Bir tür kerpiç duvar örgü düzeni...

Analıkuzulu,
Genellikle küçük, tek katlı ve geçici yapılarda uygulanırlar. Bu gereçlerle inşa edilecek yapıların subasman kotuna kadar mutlaka taş malzemeyle yapılmaları gerekir. 
Pişirmeden yapılan kerpiç her ne kadar dayanıklı bir inşaat malzemesiyse de, yağmur ve don gibi hava koşullarına korunmaksızın maruz kalırsa, zamanla aşınır.

Kerpiç; balçık, kil gibi doğal gereçlerin saman, kıyılmış bitki sapları ya da kökleriyle ve plastik kıvamda suyla karıştırılıp yoğurulması sonucu elde edilir. Daha sonra ahşap kalıplarda kalıplanan kerpiç açık havada kurutulmaya bırakılır.

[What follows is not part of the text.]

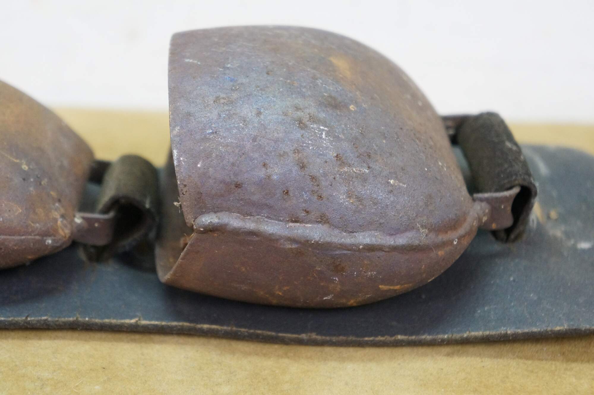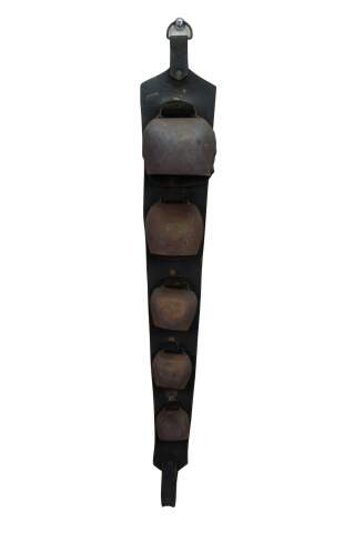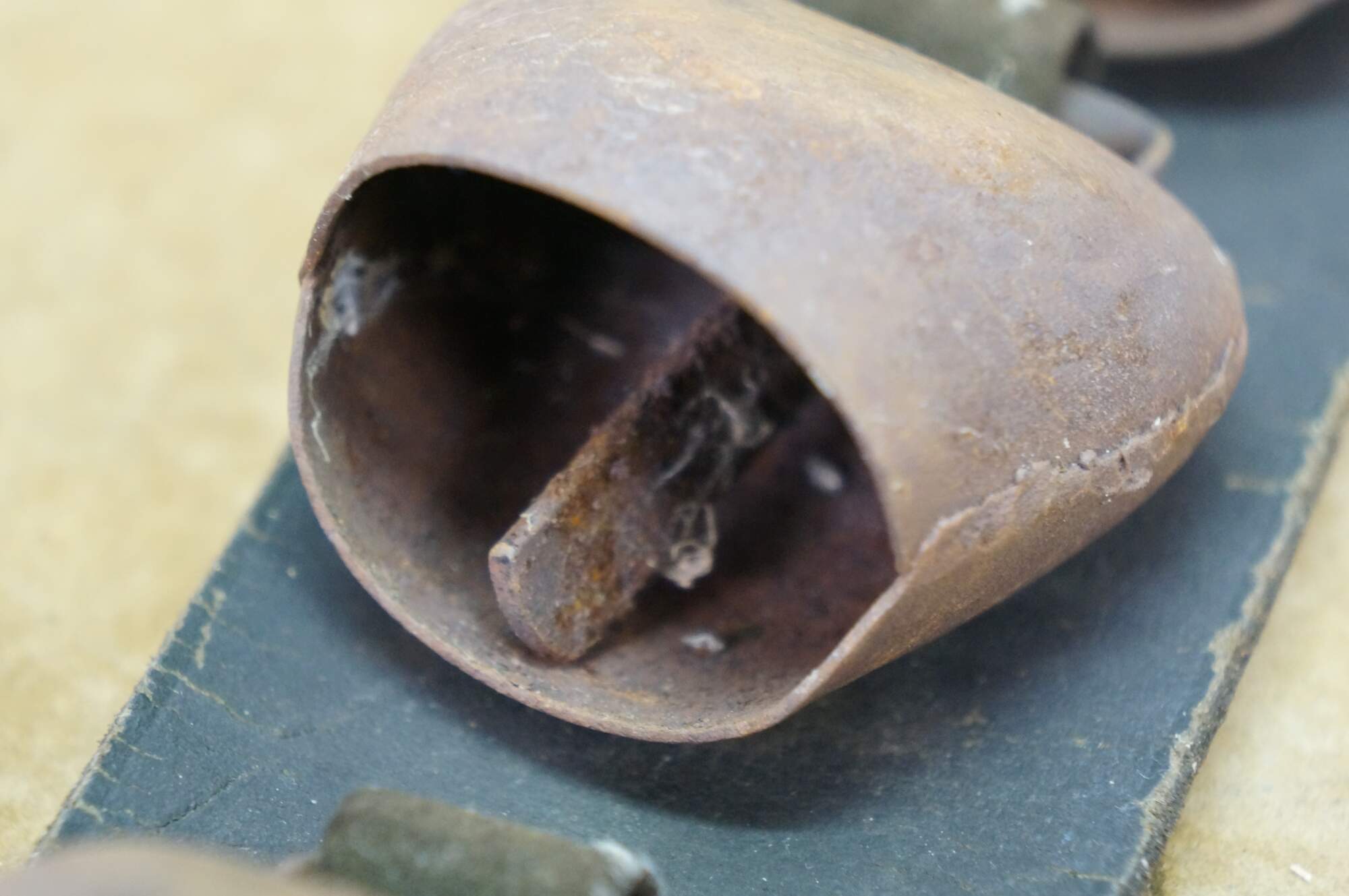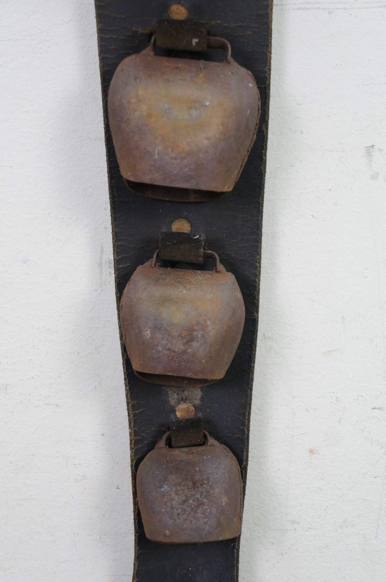Antique set of Swiss cow / farmhouse / iron sleigh bells, graduated and attached to a leather strap.
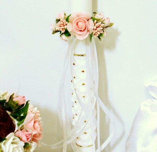 Zestaw komunijny w tonacji biało - różowej :

Kerpiç genelde iki boyutta imal edilir;
Kuzu Kerpiç; 10 x 13 x 28 cm. boyutunda prizmatik
Ana Kerpiç; 10 x 28 x 28 cm. boyutunda olur.
Kerpiç yapı elemanlarıyla örülen duvarların kalınlıkları, 13 ya da 28 cm. kadar olur. Duvar örgüsünde kullanılan harç da yine aynı karışımdan oluşur; yatay derzler 2.0 – 2.5 cm. düşey derzler de 2.0 cm.yi geçmemelidir. 
Kerpiç yapılar yalnızca sıcak ve az yağmurlu iklim bölgelerinin yapıları değildir.

Bugün Almanya' da bile birkaç katlı kerpiç yapılar kısmen asırlardır ayakta durmaktadır. Sıva yapılması şarttır. Bu örtü yağmur suyunun duvarın içine işlemesini önlediği gibi dona karşı da yapı dokusunu korur. Sıvayı dayanıklı kılmak için birçok deneme ve yöntem biliniyor. Kireç katılması, öküz kanı karışımı, gübre şerbeti, inek pisliği, kemik tutkalı katmak gibi. Sıva çamuru kullanılmadan önce en az on gün kadar karıştırıldığı çukurlarda bırakılmıştır. Mayalama adı verilen bu işlem, kil minerallerinin birbirleriyle daha iyi kaynaşmasını ve böylece sıvanın hava etkilerine karşı daha fazla dayanıklı olmasını sağlar.

Sıva, kerpiç duvar ıslatıldıktan sonra elle duvara sürüldü; sıvacı malasıyla sürüldüğünde, sıvanın duvara yeterince tutturulamadığı izlendi. Sıva tabakası oldukça incedir ve özenle sürülmelidir. Kuruduktan sonra oluşan çatlakların çoğu, ikinci bir sıva tabakasının sürülmesiyle kapanır. Bundan sonra ortaya çıkan ince çatlakların çoğu, sıva malzemesinin inceltilmesinden oluşmuş bir bulamacın geniş bir fırçayla sürülmesiyle kapanır. Bu şekilde oluşturulan sıva, dümdüz bir satıh oluşturmayıp, duvar örgüsünün anlaşılmasını sağlayacak kadar incedir. Aynı zamanda sıva duvardan kopup dökülecek bağımsız kalın bir tabaka olmadığından duvar ile sıva arasında iyi bir bağlantı oluşmaktadır. Şimdiye kadar yapılan gözlemlerde sıvanın en çok yağmur damlalarından etkilediği ve özellikle korkuluk duvarı üstü, mazgal dişlerinin üstü gibi yatay yüzeylerde bu şekilde zamanla sıvada incelme oluştuğu saptanmıştır.